STORED DATA below:

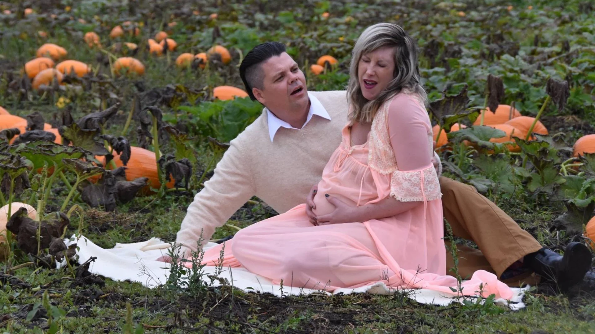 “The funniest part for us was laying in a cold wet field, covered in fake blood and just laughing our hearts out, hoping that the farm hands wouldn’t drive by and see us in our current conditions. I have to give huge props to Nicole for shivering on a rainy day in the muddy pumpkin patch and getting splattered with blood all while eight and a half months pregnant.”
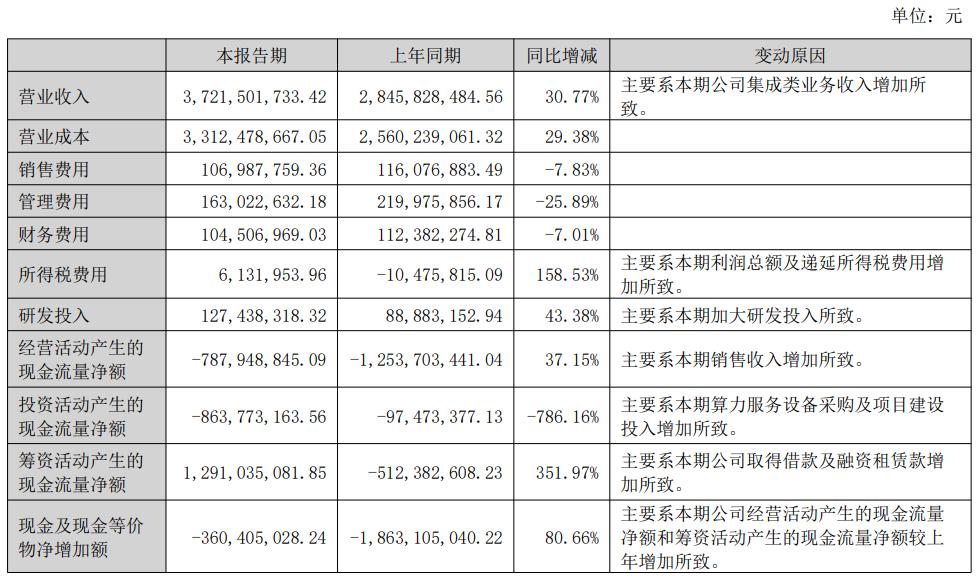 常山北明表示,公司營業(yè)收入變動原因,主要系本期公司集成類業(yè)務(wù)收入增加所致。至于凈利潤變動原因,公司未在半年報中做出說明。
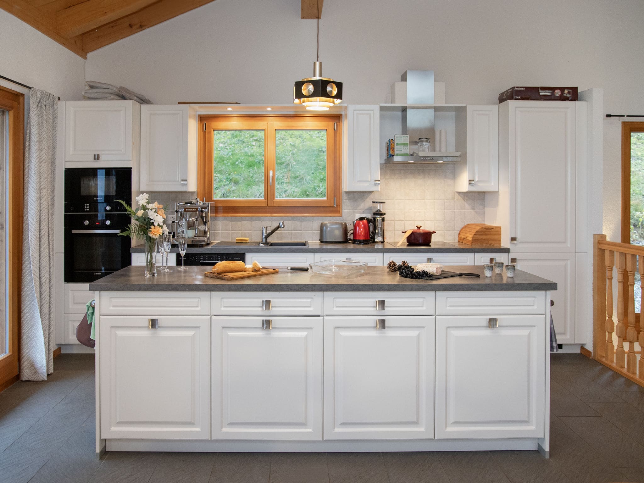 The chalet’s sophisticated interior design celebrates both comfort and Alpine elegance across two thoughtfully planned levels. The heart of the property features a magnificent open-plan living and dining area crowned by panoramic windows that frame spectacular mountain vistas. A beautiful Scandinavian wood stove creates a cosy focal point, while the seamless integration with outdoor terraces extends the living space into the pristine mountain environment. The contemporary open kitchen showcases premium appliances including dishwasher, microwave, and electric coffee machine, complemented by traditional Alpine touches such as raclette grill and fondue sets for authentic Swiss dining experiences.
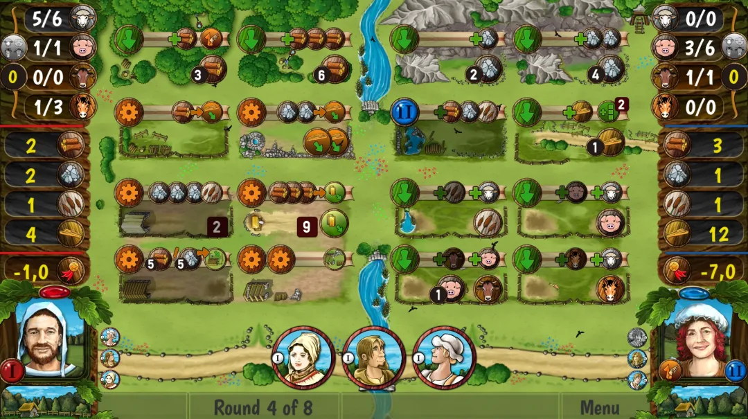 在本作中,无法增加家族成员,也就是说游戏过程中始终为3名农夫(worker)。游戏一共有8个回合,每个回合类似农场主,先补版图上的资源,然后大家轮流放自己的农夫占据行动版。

End of STORED DATA.

§ **EXERCISE**
Please give again, exactly and only, the lines from the top of the listing above through the line that has "常山北明表示,公司營業(yè", with pictures left out.

§ **WRITTEN SOLUTION**
 “The funniest part for us was laying in a cold wet field, covered in fake blood and just laughing our hearts out, hoping that the farm hands wouldn’t drive by and see us in our current conditions. I have to give huge props to Nicole for shivering on a rainy day in the muddy pumpkin patch and getting splattered with blood all while eight and a half months pregnant.”
 常山北明表示,公司營業(yè)收入變動原因,主要系本期公司集成類業(yè)務(wù)收入增加所致。至于凈利潤變動原因,公司未在半年報中做出說明。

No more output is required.